- [Input data]
[Start of section]

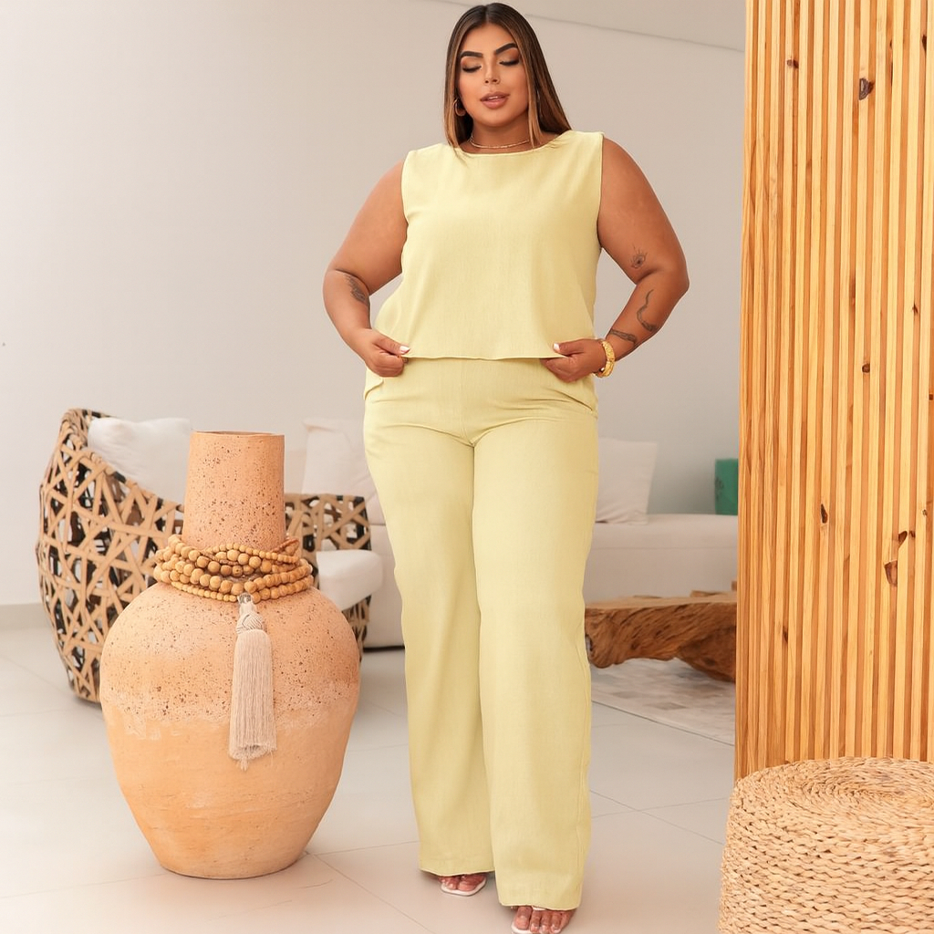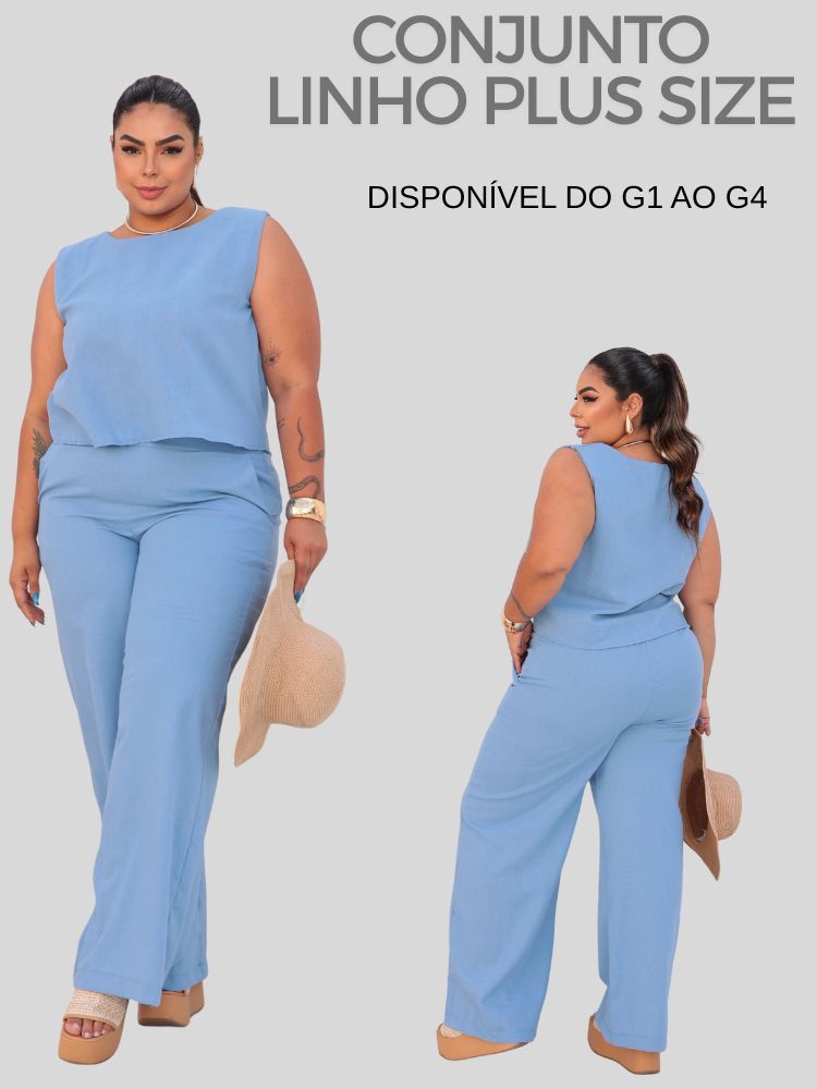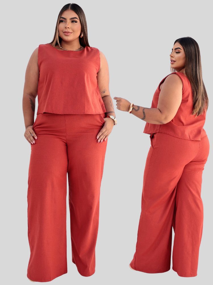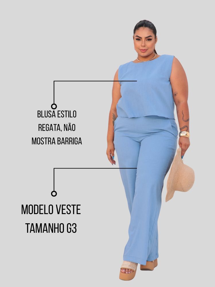 Conjunto Feminino Plus Size Blusa e Calça Alfaiataria G1 G2 G3
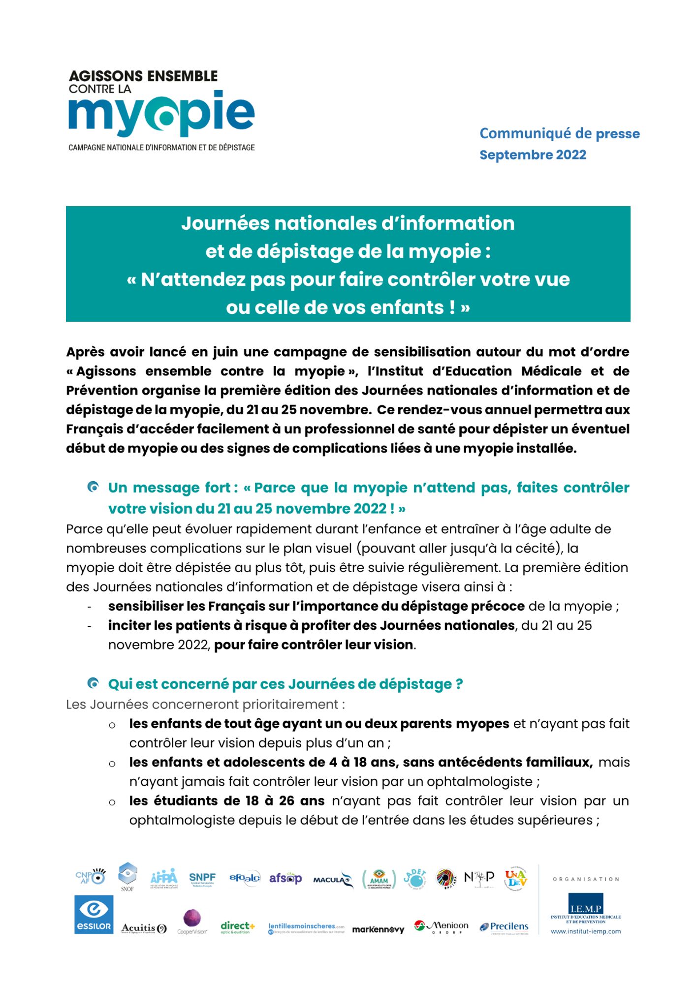 1ères Journées nationales d’information et de dépistage de la myopie - Agissons ensemble contre la myopie
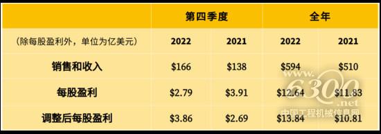2022年第四季度销售和收入为166亿美元,较2021年第四季度的138亿美元增长20%。2022年第四季度每股盈利为2.79美元,而2021年第四季度每股盈利为3.91美元。2022年第四季度调整后每股盈利为3.86美元,而2021年第四季度调整后每股盈利为2.69美元。2022年第四季度每股盈利中,包括其他收入(支出)中工程机械、能源和交通业务板块每股0.41美元的不利外汇影响,主要与资产负债表折算有关,而2021年第四季度的有利影响为每股0.01美元。
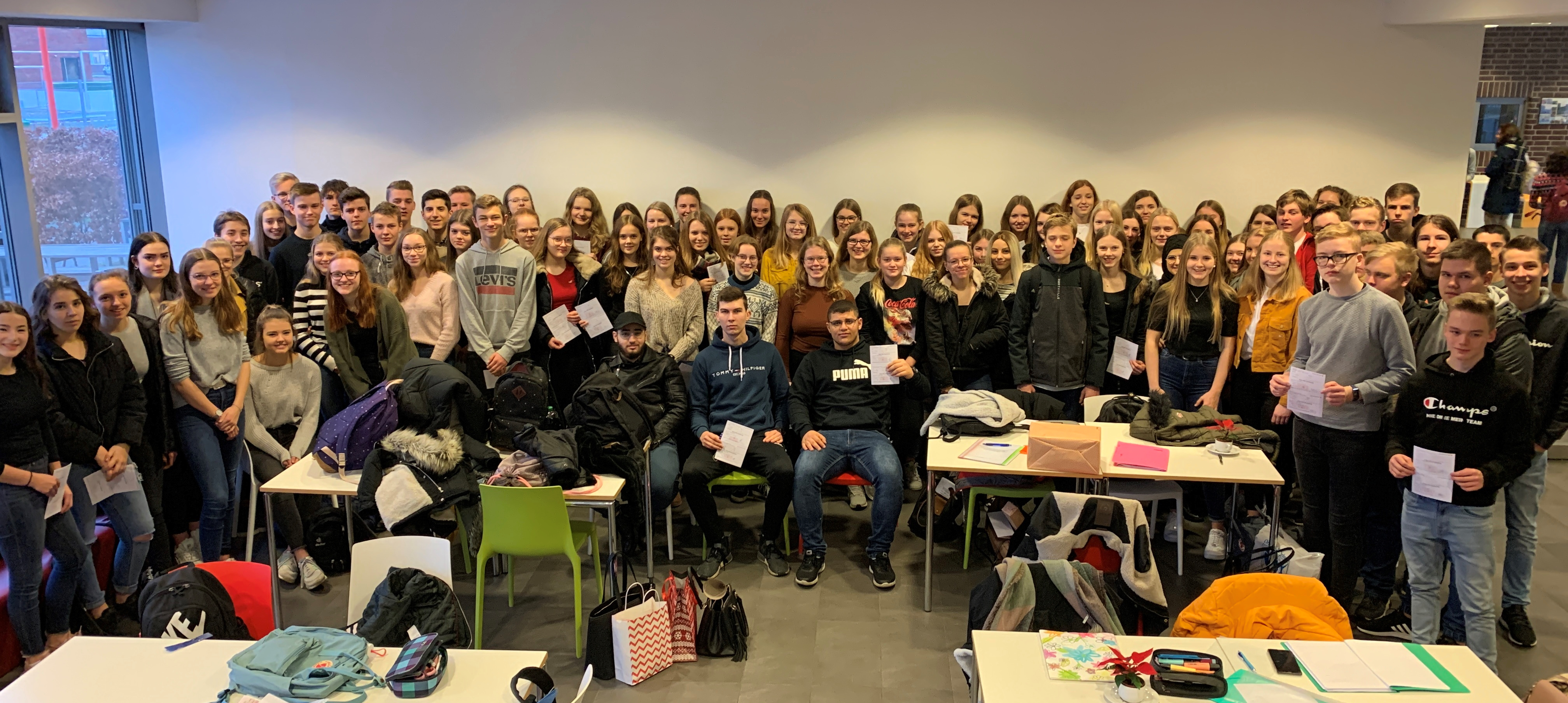 Auch in diesem Jahr hat unsere gesamte Jahrgangsstufe 10, aufgeteilt in fünf Gruppen, im Zuge der Vorbereitung auf die praktische Umsetzung der „Herausforderung“ (23.03.-27.03.2020) an einem Erste-Hilfe-Kurs teilgenommen. Möglich machte dies unser Kooperationspartner im Ganztag, das Deutsche Rote Kreuz, welches am 11.11. und 18.11.2019 mit je zwei bzw. drei ÜbungsleiterInnen die insgesamt 86 Schülerinnen und Schüler hier bei uns am EGN ausgebildet hat. An dieser Stelle möchten wir den ÜbungsleiterInnen des DRK für dieses Engagement herzlich danken!

[End of section]

- [Task to complete] Here the job is to output the lines from the top of the listing through the line holding "1ères Journées nationales", word for word and without pictures.

- [Answer]
 Conjunto Feminino Plus Size Blusa e Calça Alfaiataria G1 G2 G3
 1ères Journées nationales d’information et de dépistage de la myopie - Agissons ensemble contre la myopie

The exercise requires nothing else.